ReconDreamer-RL: Enhancing Reinforcement Learning via Diffusion-based Scene Reconstruction

  • Chaojun Ni*1,2
  • Guosheng Zhao*1,3
  • Xiaofeng Wang*1
  • Zheng Zhu*1
  • Wenkang Qin1
  • Xinze Chen1
  • Guanghong Jia4
  • Guan Huang1
  • Wenjun Mei2
  • 1 GigaAI
  • 2 Peking University
  • 3 CASIA
  • 4 Tsinghua University

Abstract

Reinforcement learning for training end-to-end autonomous driving models in closed-loop simulations is gaining growing attention. However, most simulation environments differ significantly from real-world conditions, creating a substantial simulation-to-reality (sim2real) gap. To bridge this gap, some approaches utilize scene reconstruction techniques to create photorealistic environments as a simulator. While this improves realistic sensor simulation, these methods are inherently constrained by the distribution of the training data, making it difficult to render high-quality sensor data for novel trajectories or corner case scenarios. Therefore, we propose ReconDreamer-RL, a framework designed to integrate video diffusion priors into scene reconstruction to aid reinforcement learning, thereby enhancing end-to-end autonomous driving training.
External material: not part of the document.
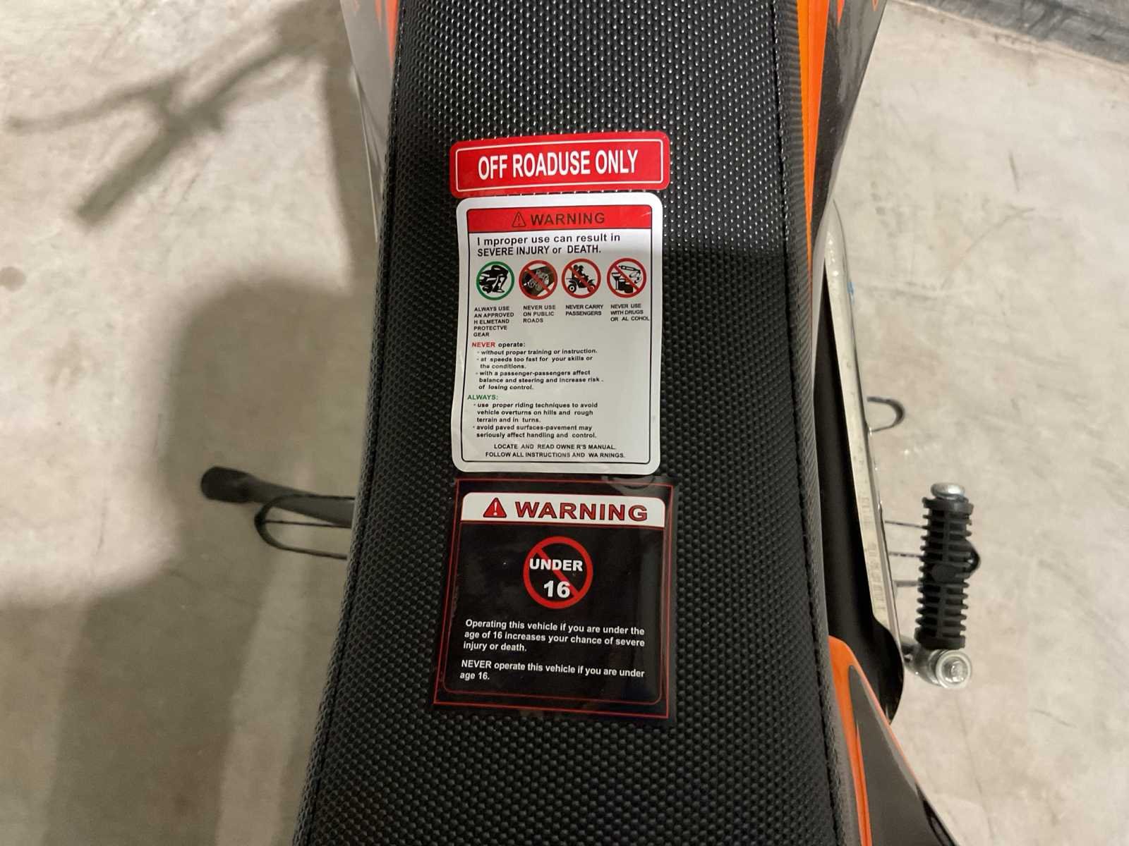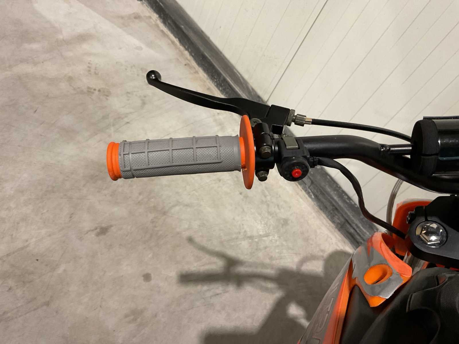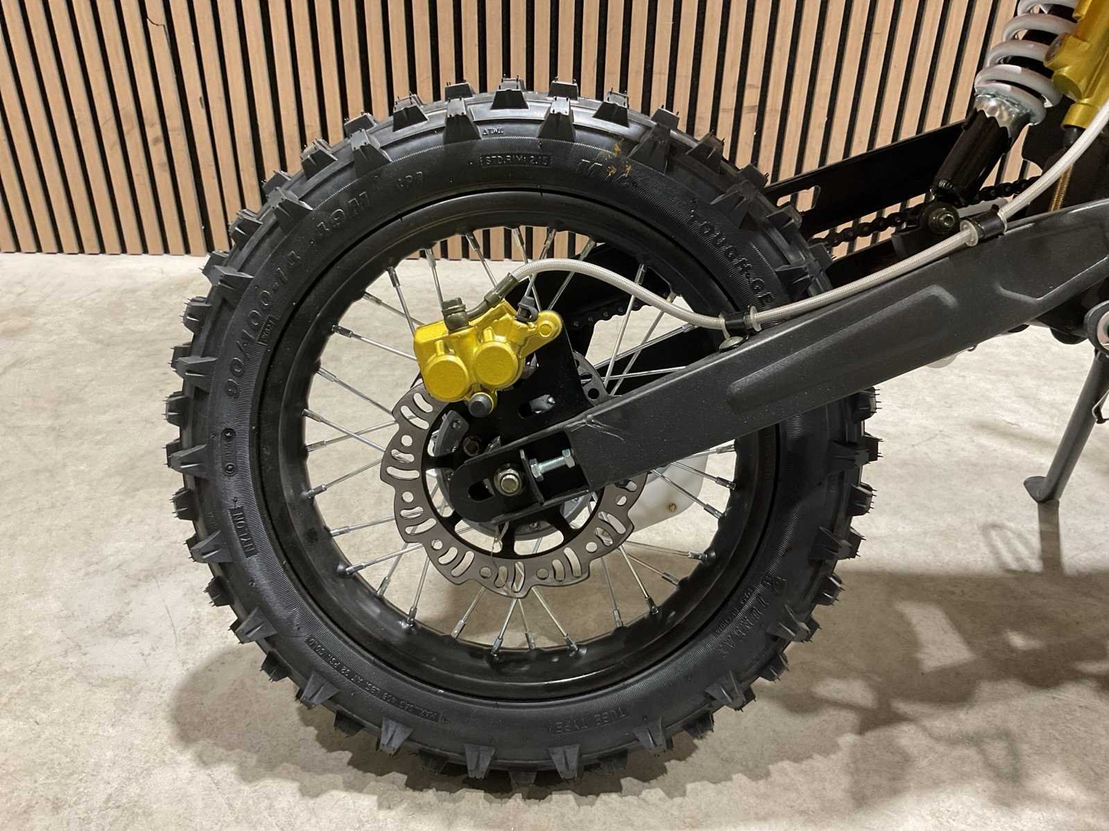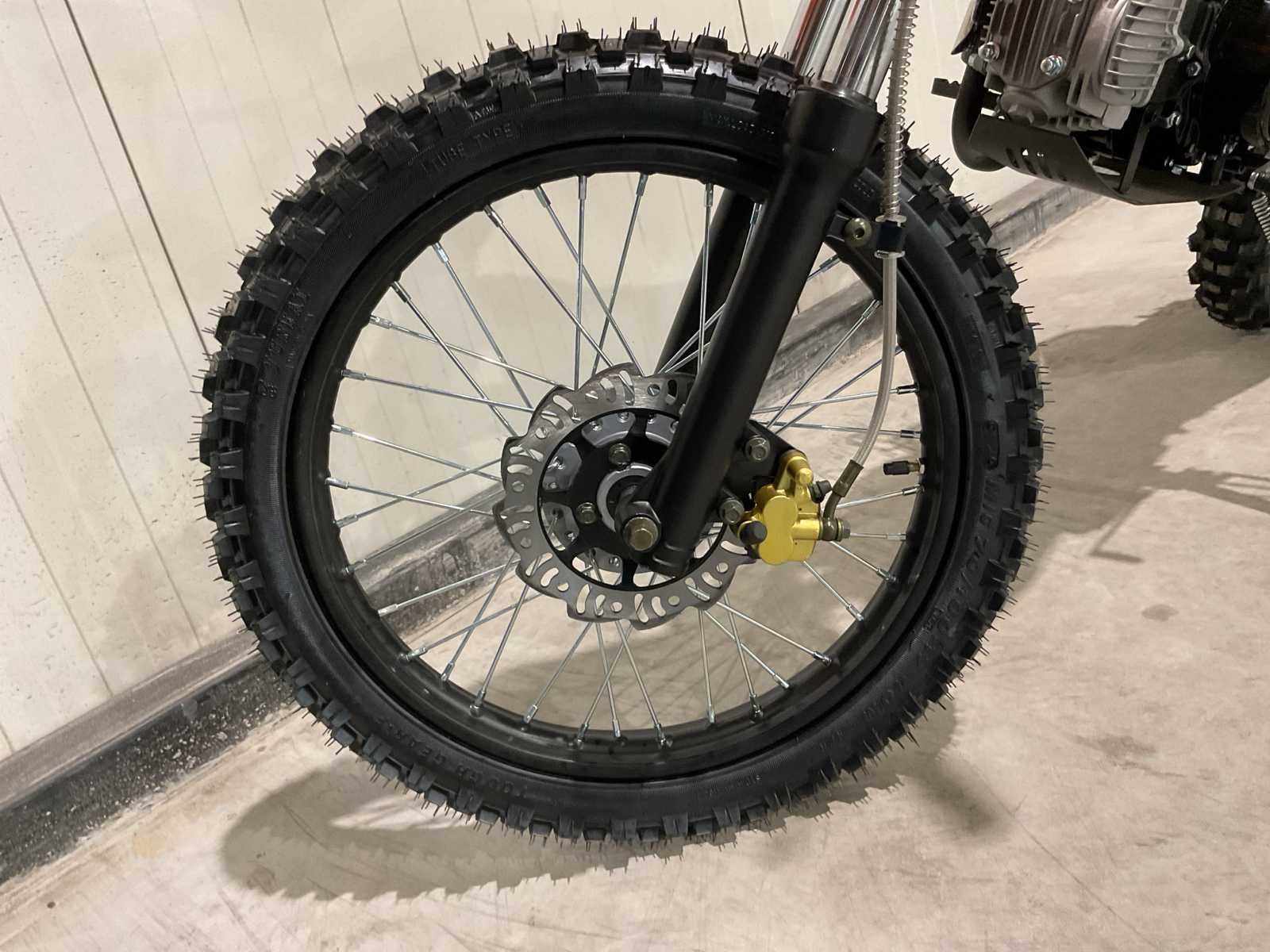 Voorzien van 110cc motor; Manuele koppeling; kickstart; Wiel/velg: V: 90/100-14 (14") A: 70/100-17 (17"); Hydraulische schijfrem; olieschokdemper; Enkele stalen uitlaatpijp; Maximale snelheid: 70 km/u; Ongebruikt in doos (Transport verpakking: 1295 x 375 x 620 mm) Merk: Ultra Motocross Model: DB001 OR Type: 110CC Cilinderinhoud: 110cc Kleur: Oranje zwarte zadel Transmissie: Manuele Bouwjaar: 2025

Specifically, in ReconDreamer-RL, we introduce ReconSimulator, which combines the video diffusion prior for appearance modeling and incorporates a kinematic model for physical modeling, thereby reconstructing driving scenarios from real-world data. This narrows the sim2real gap for closed-loop evaluation and reinforcement learning. To cover more corner-case scenarios, we introduce the Dynamic Adversary Agent (DAA), which adjusts the trajectories of surrounding vehicles relative to the ego vehicle, autonomously generating corner-case traffic scenarios (e.g., cut-in). Finally, the Cousin Trajectory Generator (CTG) is proposed to address the issue of training data distribution, which is often biased toward simple straight-line movements. Experiments show that ReconDreamer-RL improves end-to-end autonomous driving training, outperforming imitation learning methods with a 5× reduction in the Collision Ratio.

Pipeline

In ReconDreamer-RL, ReconSimulator improves appearance modeling by ReconDreamer and incorporates physical modeling to reconstruct driving scenes. In the imitation learning stage, DAA generates corner-case scenario trajectories, while CTG diversifies the ego vehicle's actions and uses ReconSimulator to render sensor data for training the policy. In the reinforcement learning stage, the policy is trained in a closed-loop environment, interacting with DAA-controlled surrounding vehicles.

ReconSimulator

The process of integrating the diffusion prior for appearance modeling. During the reconstruction of driving scenes, we first render novel trajectory view videos. These rendered videos are then processed by the DriveRestorer to enhance their visual quality, and the restored results are used to further optimize the reconstruction model. This iterative process continues until the reconstruction model converges.

Dynamic Adversary Agent

The pipeline of the DAA. DAA identifies the target vehicles based on their distances to the ego car from the BEV view, where the blue line represents the ego car’s trajectory and the red line represents the target vehicle. Then, DAA generates novel trajectories based on the specified interactive behavior. The generated trajectories are checked, and feasible ones are rendered using ReconSimulator.

Examples of Dynamic Adversary Agent (DAA) controlling surrounding vehicles to simulate cut-in scenarios.

Cousin Trajectory Generator

Cousin Trajectory Generator (CTG) generates cousin trajectories and performs trajectory checks to eliminate unreasonable trajectories (e.g., the pink cross marks), and finally renders the corresponding sensor data in the ReconSimulator.

Qualitative Examples

Comparison of different methods in challenging corner cases, with collisions highlighted by orange boxes.